Cependant, l‘argument de l‘exclusion causale contre la réalisation est plus direct que celui contre la survenance et selon Kim, son impact est plus frappant (1998, 55). C‘est que pour réconcilier (1) et (2), nous ne pouvons soutenir que M a causé M* en causant P*, comme nous le faisons dans l‘argument contre la survenance. Cela n‘est pas possible à la lumière du principe de l‘héritage causal, que Kim a adopté pour éviter que les propriétés mentales physiquement réalisées ne surdéterminent systématiquement les effets résultant de leur instanciation. En effet, suivant ce principe, affirmer de M qu‘elle cause M* en causant P* revient à soutenir que P cause P*. Parce que le principe de l‘héritage causal stipule que l‘instanciation de M a les mêmes pouvoirs causaux que l‘instanciation de la propriété du premier ordre P qui la réalise, l‘instanciation de M peut causer l‘instanciation de P* seulement dans la mesure où P peut la causer aussi. Par conséquent, nous n‘avons pas de raisons d‘affirmer que l‘instanciation de M est une cause de l‘instanciation de P*, qui s‘ajouterait à P (qui cause déjà P*) (Kim, 1998, 54-55). P cause P*, M ne cause pas P* et P* est suffisante à l‘instanciation de M*.

Il faut aussi voir que si l‘on adopte la thèse selon laquelle les propriétés sont individuées selon leurs pouvoirs causaux22, l‘utilisation du principe de l‘héritage causal au sein de l‘argument de l‘exclusion

causale mène à la réduction des propriétés mentales aux propriétés physiques. En effet, s‘il est vrai que les pouvoirs causaux de l‘instanciation de M sont identiques à ceux de l‘instanciation de P, et donc que M est identique à P, et que, comme le soutient Kim (1976), des événements qui sont l‘instanciation des mêmes propriétés par les mêmes objets au même moment du temps sont identiques, nous n‘avons pas de raison de croire que les événements mentaux sont distincts des événements physiques (Kim, 1998, 56).
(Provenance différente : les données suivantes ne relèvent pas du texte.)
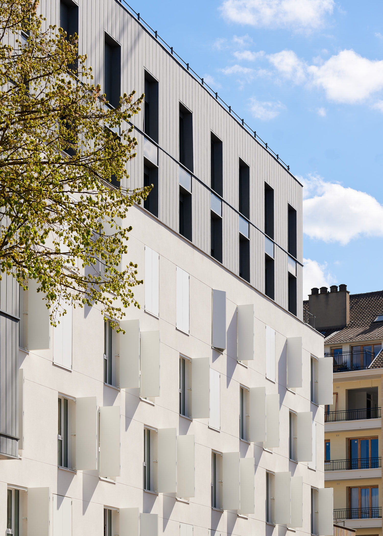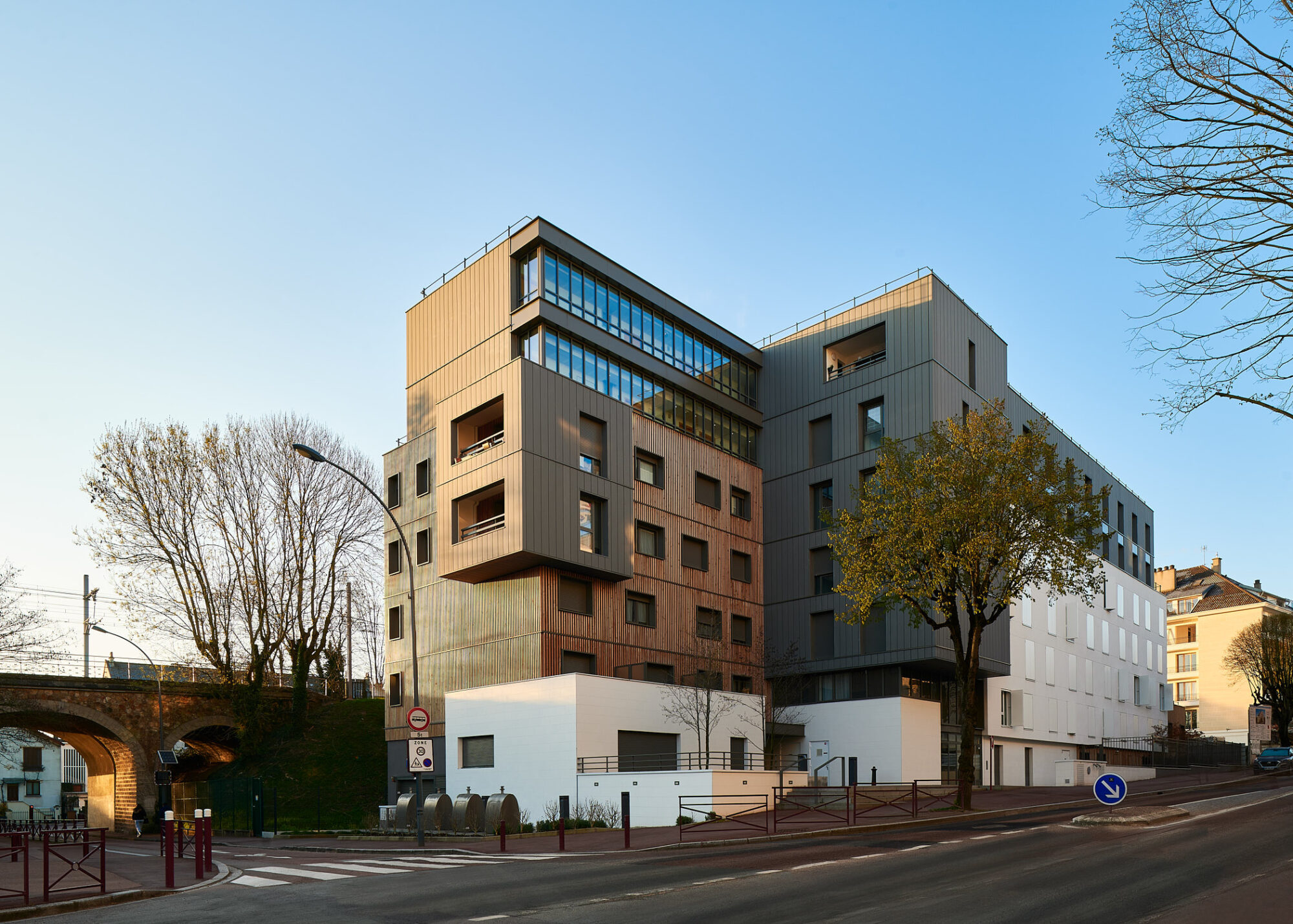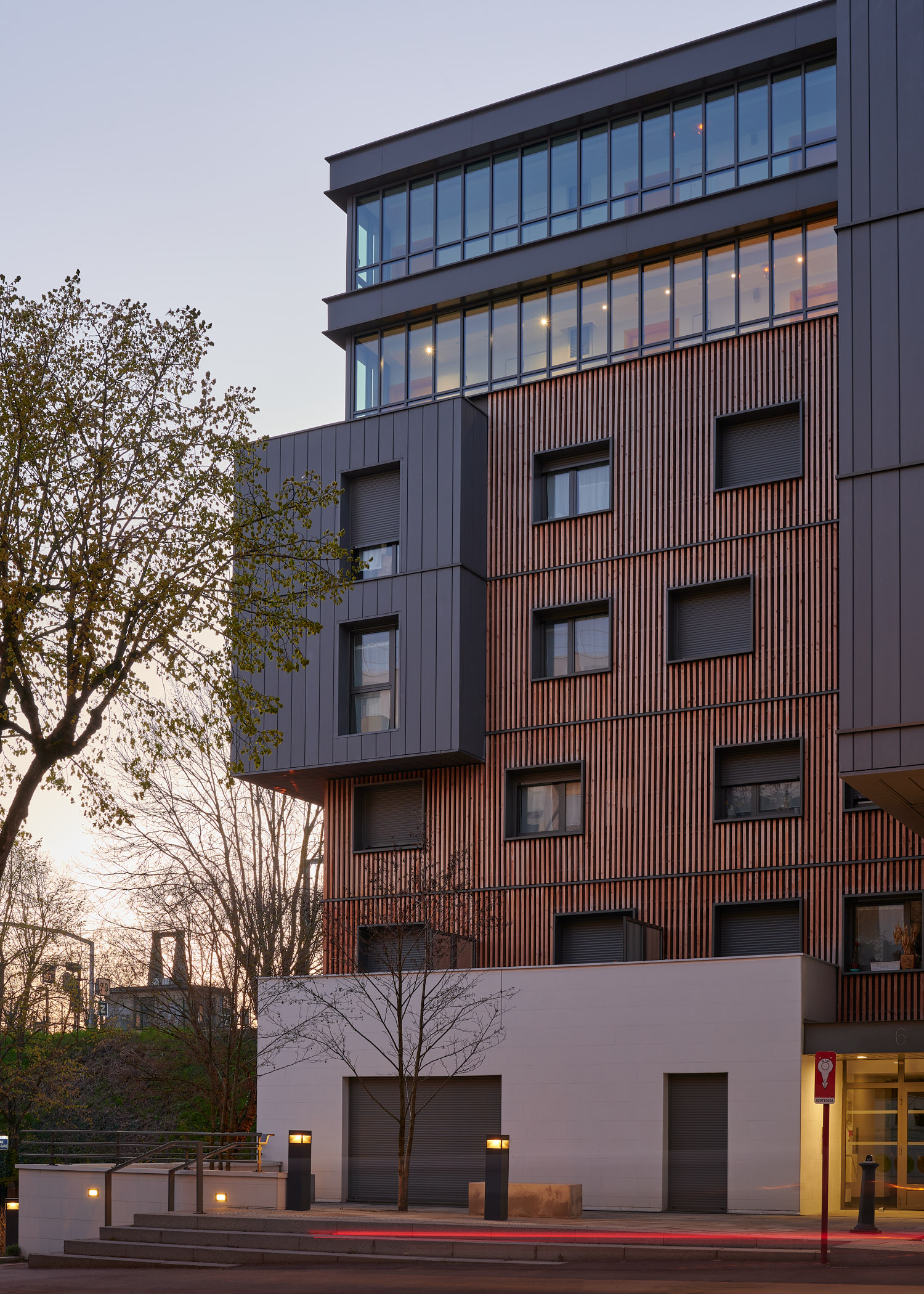 La densité du programme, en lien direct avec les capacités de constructibilité de la parcelle, a conduit à exploiter la hauteur maximale autorisée dans ce secteur. Pour éviter toute sensation de masse et préserver une échelle urbaine maîtrisée, les volumes principaux ont été décalés et différenciés par un travail sur les matériaux de façade.

22 Sur cette conception de l‘individuation des propriétés, voir Shoemaker, 1984; 2007. Voir aussi Fodor (1987), qui soutient que

les espèces scientifiques (« scientific kinds ») sont individuées par leurs pouvoirs causaux. Donald Davidson (1970) défend aussi un principe d‘individuation semblable pour les événements, qu‘il individue selon leurs relations causales.

4. Conclusion

Le fonctionnalisme, en tant que physicalisme non réductionniste, tente de préciser la relation de dépendance qui unit le mental au physique en mobilisant la notion de réalisation. En définissant les propriétés mentales comme des propriétés fonctionnelles du second ordre, le fonctionnalisme doit à la fois préserver leur irréductibilité et leur efficacité causale. L‘argument de la réalisation multiple, selon lequel les propriétés mentales peuvent être instanciées dans différents substrats physiques, a permis au fonctionnalisme de devenir la conception dominante de l‘esprit pendant une bonne partie du 20e siècle,

reléguant ainsi le physicalisme des types aux oubliettes.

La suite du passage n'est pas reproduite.